Philip Colbert and Trevor Andrew diverge from traditional art forms and enter a world of multifaceted cultural production, says MAMs Artistic Director Shai Baitel. Both turn their artistic personas into well-rounded and recognizable brands while simultaneously tackling societys transitory nature. Today a strong artistic identity that can be easily identified by a unique set of visual motifs is considered essential in order to fit the immediacy and impatience of cultural consumerism. Using the principles of traditional Pop Art as the vehicle for their practice, fueled by their personal experiences and styles, both of these iconic artists are helped to acclimate 1950s Pop Art into todays social media frenzied and brand crazed world.
Philip Colbert: Lobster Land
Described as the Godson of Andy Warhol, Philip Colbert is a representative of contemporary Neo-Pop art. Deeply entwined with pop theory, Colbert works across the mediums of painting, sculpture, clothing, furniture & design. For Philip Colbert, Lobster is not only a classic symbol in art history, but also his alter ego and the animated protagonist of surrealism in his artistic practice. Colbert integrates the rich art history influences into the fragments of contemporary daily life, and transforms them into scenes of his surrealism Neo-Pop world, Lobster Land, a large-scale visual art experience and his largest ever solo exhibition. According to Colbert, the rich resources of art history have created a language, painting is a communication tool, and only the unconscious, surreal world can get rid of all reality constraints. Life itself is the ultimate essence of art. In this utopian lobster world, the audience will become Lobster Land residents, and the boundary between reality and virtuality will be dissolved with immersive sensual experience.
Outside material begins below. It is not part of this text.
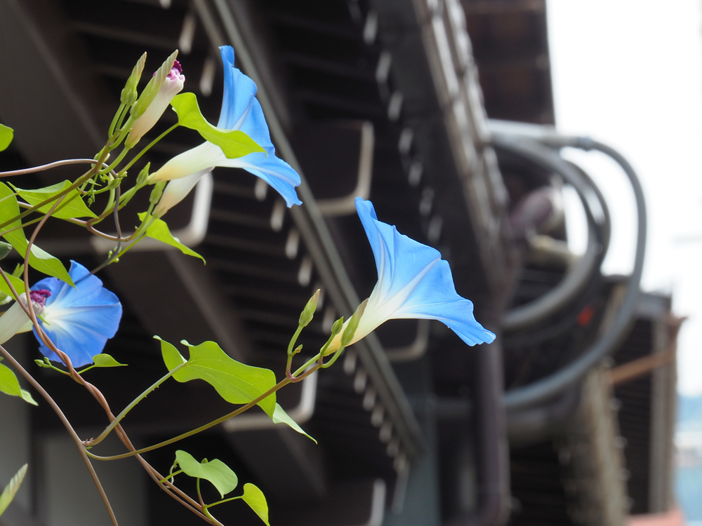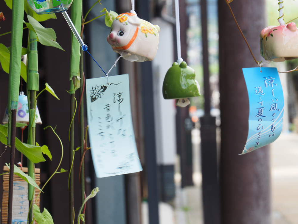 静かで人通りの少ない駅前を進んで行くと、民家の軒先に朝顔や風鈴の涼しげな音色が響きます。

Trevor Andrew: The Real Big Deal
Trevor Andrew is an iconic figure of contemporary graffiti art, but this identity definitely cannot fully represent his legendary career. In addition to that, Andrew is also an Olympic athlete, a musician, the lead singer of a band, a cartoonist, the owner of a street fashion brand, and Gucci Ghost, a collaborated artist of Gucci. His long-term multi-disciplinary art practice has given Andrew a unique artistic perspective and a distinctive creative language. Traditional art media never limit the creativity of Trevor Andrew, as he turns daily items and even garbage into his creative subjects. The retrospective show The Real Big Deal is Trevor Andrews first large-scale solo exhibition, which not only presents huge daily object installations with exaggerated sizes, but also pays tribute to the classic scenes of his artist career. I have been creating all my life. This kind of creation is exaggerated and irrational, but it is also the most real motivation for all my art, said Trevor Andrew. In this exhibition, the energy taken from daily life could also become a Real Big Deal and inspire the audience to explore the value behind all things in the universe.